Las generaciones de periodistas que podrían ser englobadas en lo que Jose Luis Martínez S llama «la vieja guardia» tenían un dicho que con frecuencia aparece, entre bromas y veras, en el habla cotidiana del gremio como es ahora: «perro no come perro». Con el paso de los años, naturalmente, la frasecita ha tenido que pasar por las pruebas del ácido y de la brecha generacional.
A algunos, «perro no come perro» les suena a contubernio, a complicidad en esos recovecos de valores entendidos que no se han ido de las redacciones y espacios similares. A otros, les suena retro, demodé.
Pero en tiempos en que asesinan periodistas y no falta alguien del gremio que diga dubitativo: «vayan a saber en qué andaba», a ratos parece que este mismo gremio anda, en muchas cosas -moral, profesional, operativamente- algo, bastante desamparado.
A como andan las cosas, no volveremos a ver esas reuniones multitudinarias en las que los periodistas arropaban a un colega amagado por el poder político o fáctico teñido de prepotencia. Es decir, «mostraban músculo».
Así lo hicieron en 1945 cuando a Martín Luis Guzmán -tan reportero como el que más- se le ocurrió bronquearse con el clero cuando a los honorables señores se les ocurrió andar haciendo procesiones en Semana Santa, estando prohibidas las manifestaciones de fe públicas.
En aquella ocasión, donde se invitó a 600 periodistas y yerbas afines y según Salvador Novo llegaron «como 3 mil», algunos acelerados hasta propusieron crear un «periódico liberal» que no se hizo realidad porque la concurrencia -con excepción de Siqueiros, que se cayó al punto con mil pesotes de los de entonces- andaba corta de fondos.

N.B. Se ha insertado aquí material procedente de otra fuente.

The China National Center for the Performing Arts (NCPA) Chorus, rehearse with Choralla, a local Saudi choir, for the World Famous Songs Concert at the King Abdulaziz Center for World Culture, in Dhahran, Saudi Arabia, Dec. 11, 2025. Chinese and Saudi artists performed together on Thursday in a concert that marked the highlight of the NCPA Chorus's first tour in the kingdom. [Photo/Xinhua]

Bastantes años más tarde, los suficientes como para que algunos se acuerden y otros no tengan la más remota idea de lo que aquí digo, un gobernador de Guerrero -caramba, qué coincidencia- llamado Rubén Figueroa, tuvo la mala ocurrencia de amenazar al columnista Manuel Buendía. La solidaridad gremial se manifestó en otra reunión, igualmente masiva, en el restaurante del desaparecido Hotel del Prado, en julio de 1979.
Durante ese encuentro solidario, Buendía, a quien yo no conocí -lo mataron el mismo año que entré a la licenciatura- dijo algo que aún es válido, a pesar del tiempo transcurrido: “Allá, en los pueblos del interior, es donde el periodismo requiere auténtica valentía personal, porque las banquetas son demasiado estrechas para que no se topen de frente -por ejemplo- el periodista y el comandante de policía de quien aquél hizo crítica en la edición de esa misma mañana. Aquí la incomodidad más seria que sufrimos es la de no encontrar mesa en nuestro restaurante favorito de la Zona Rosa.»

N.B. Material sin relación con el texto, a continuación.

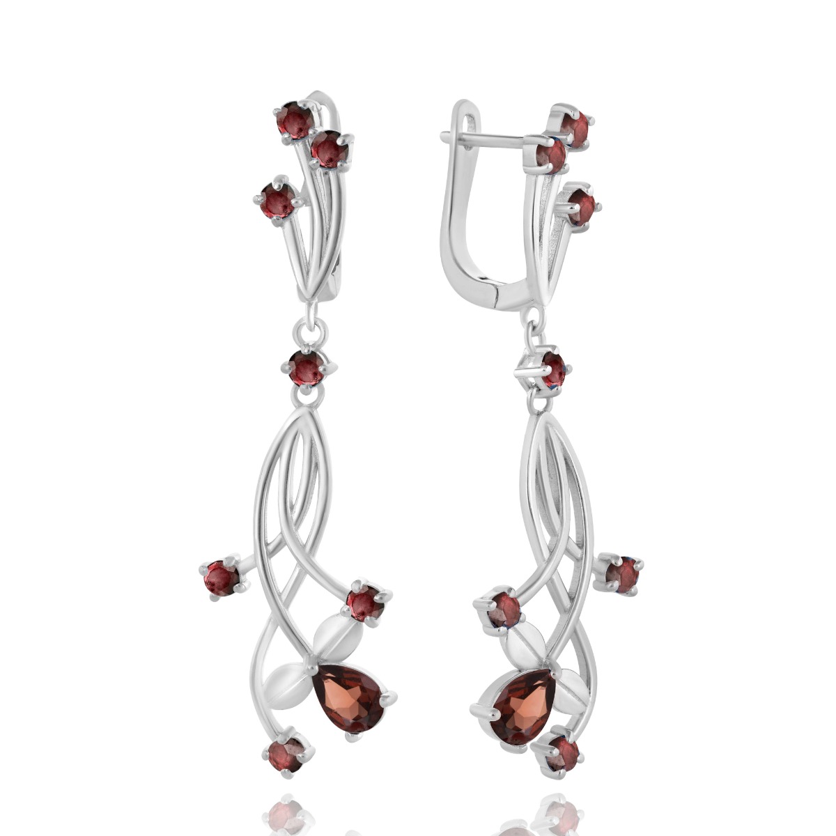 Тези обици от родирано сребро впечатляват с фината си изработка, вдъхновена от природата – нежни флорални мотиви и преплетени линии създават усещане за хармония и движение. Дизайнът е изискано допълнен от естествени гранати в кръгли и капковидни форми, които носят наситен виненочервен цвят и придават дълбочина и топлина на цялостната визия. Английското закопчаване осигурява комфорт и надеждност, докато свободното висящо оформление на обиците подчертава тяхната елегантност и грация при всяко движение. Идеален избор за дами с усет към класическата красота с модерен прочит.

En 1984, cuando le pegaron de balazos a Buendía a la salida de su oficina en la colonia Juárez, el gremio, además de indignado, muy asustado, convirtió el funeral del columnista en una demanda generalizada de justicia y seguridad para el gremio. Pero de ese momento, una señora con décadas en este oficio a la que me honra llamar amiga, le dijo a otro cercanísimo amigo: «entonces, fue el miedo el que nos unió».
Pienso todas estas cosas al enterarme que el columnista Jorge Fernández Menénez -que tiene sus fans y sus malquerientes- acusa al columnista Julio Hernández -que tiene sus fans y sus malquerientes- de encabezar y promover uno de esos recursos ciudadanos que están tan de moda para darle corporeidad al derecho de pataleo, una petición colectiva enchange.org, que exige prohibir la difusión del documental «La noche de Iguala» realizado por Fernández Menéndez. Un integrante del gremio que promueve la censura al trabajo de otro integrante del gremio. Tantos años después, ¿resulta que perro sí come perro?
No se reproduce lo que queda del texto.